Proof: Since the minimum gap between consecutive $x_i$'s is $\delta$, we have $$ |x_{i+d}-x_i|\geq 1 $$ hence $$ |y_{i+d}-y_i| = \lambda|x_{i+d}-x_i|\geq \lambda. $$ If we let $k=d\lceil g/\lambda\rceil$, then $$ |y_{k+1}-y_1|\geq \lambda\lceil g/\lambda\rceil\geq g. $$ Since the maximum gap between any two elements of $A$ is $g$, it follows that $S_\lambda\leq k+1=d\lceil g/\lambda\rceil+1$.
End proof of sub-claim
Note that $S_{\lambda}$ is the number of ways to write $b=a+\lambda a'$ with $a,a'\in A$; this is typically denoted $r_{A+\lambda A}(b)$.
If we take $\lambda=a_n$, then we have $r_{A+\lambda A}(b)\leq d+1$. Since there are $|A|^2$ pairs $(a,a')$ and $|A+\lambda A|$ many targets $b$, we have $$ |A+\lambda A|\geq\frac{|A|^2}{d+1}\geq\frac{\delta}{2\delta+1}|A|^2. $$ QED
Note that if $\lambda<1$, it is better to reverse the roles of $x_i$ and $y_i$ in the sub-claim.
Assuming that $a_1>1$ for simplicity, we can prove a lower bound for $|A+AA|$, which could potentially be better than the lower bound for $|A+a_nA|$.
First, note that $$ |A|^3\leq |A+AA|\sup_{b\in A+AA}|\{(a,a',a'')\in A^3\colon a+a'a''=b\}|. $$ Now $$ |\{(a,a',a'')\in A^3\colon a+a'a''=b\}|=\sum_{i=1}^n r_{A+a_iA}(b). $$ Since $r_{A+a_iA}(b)\leq d\lceil g/a_i\rceil+1$ independent of $b$, it follows that $$ |A|^3\leq |A+AA|\sum_{i=1}^n \left(d\lceil g/a_i\rceil+1\right). $$
It might be possible to improve the bound by looking for large subsets of $A$ where $g$ is smaller or $\delta$ is larger; if $a_n$ is an outlier and you can make $g$ smaller, then the first first bound is improved.
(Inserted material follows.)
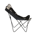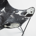Sillón mariposa con lona de piel de vaca, material natural, de color marrón. La lona desmontable, se recomiendo lavar con método profesional. Estructura hecha de acero pintado con un acabado de color Protecciones de plástico en cada una de las patas para no dañar ni rayar el suelo. Pieza que une diseño y funcionalidad a partes iguales. Además, encaja en todo tipo de ambientes, desde los más clásicos hasta los más modernos.
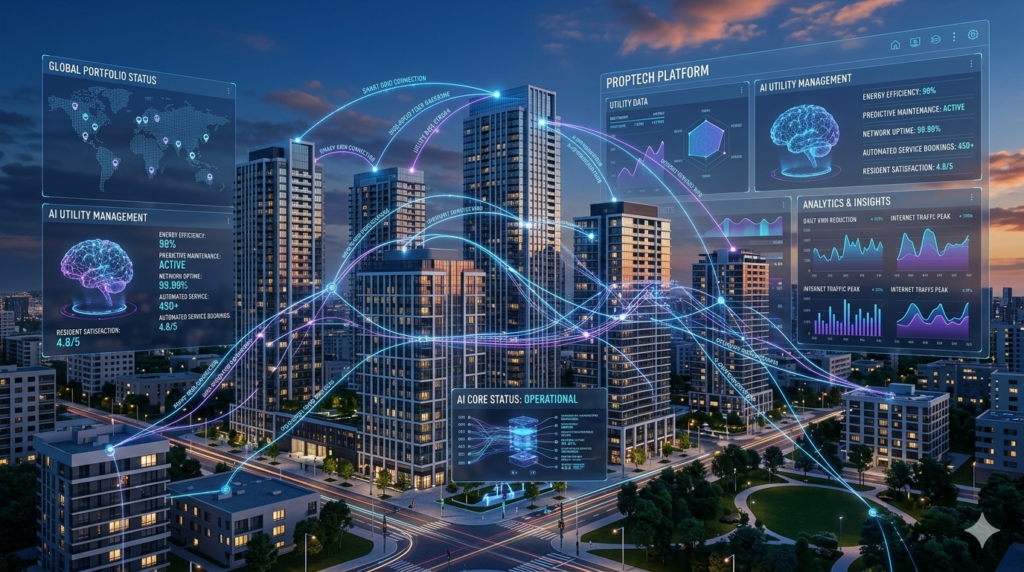 The platform enables seamless utility connections, automated workflows, and real-time insights into property services and household expenses.

Unfortunately, if $A$ is too uniform, these bounds are useless. For example, a set of $n$ points in $(1,2)$ that are "generic" but roughly equally spaced (so $\delta\approx 1/n$) shows that these bounds can't prove $|A+AA|\geq |A+A|$ in general.
I think $\big\{-1, 0, \frac{1+\sqrt{5}}{2}\big\}$ is a counterexample. THIS IS WRONG, see comments, but I'll leave it up as a warning.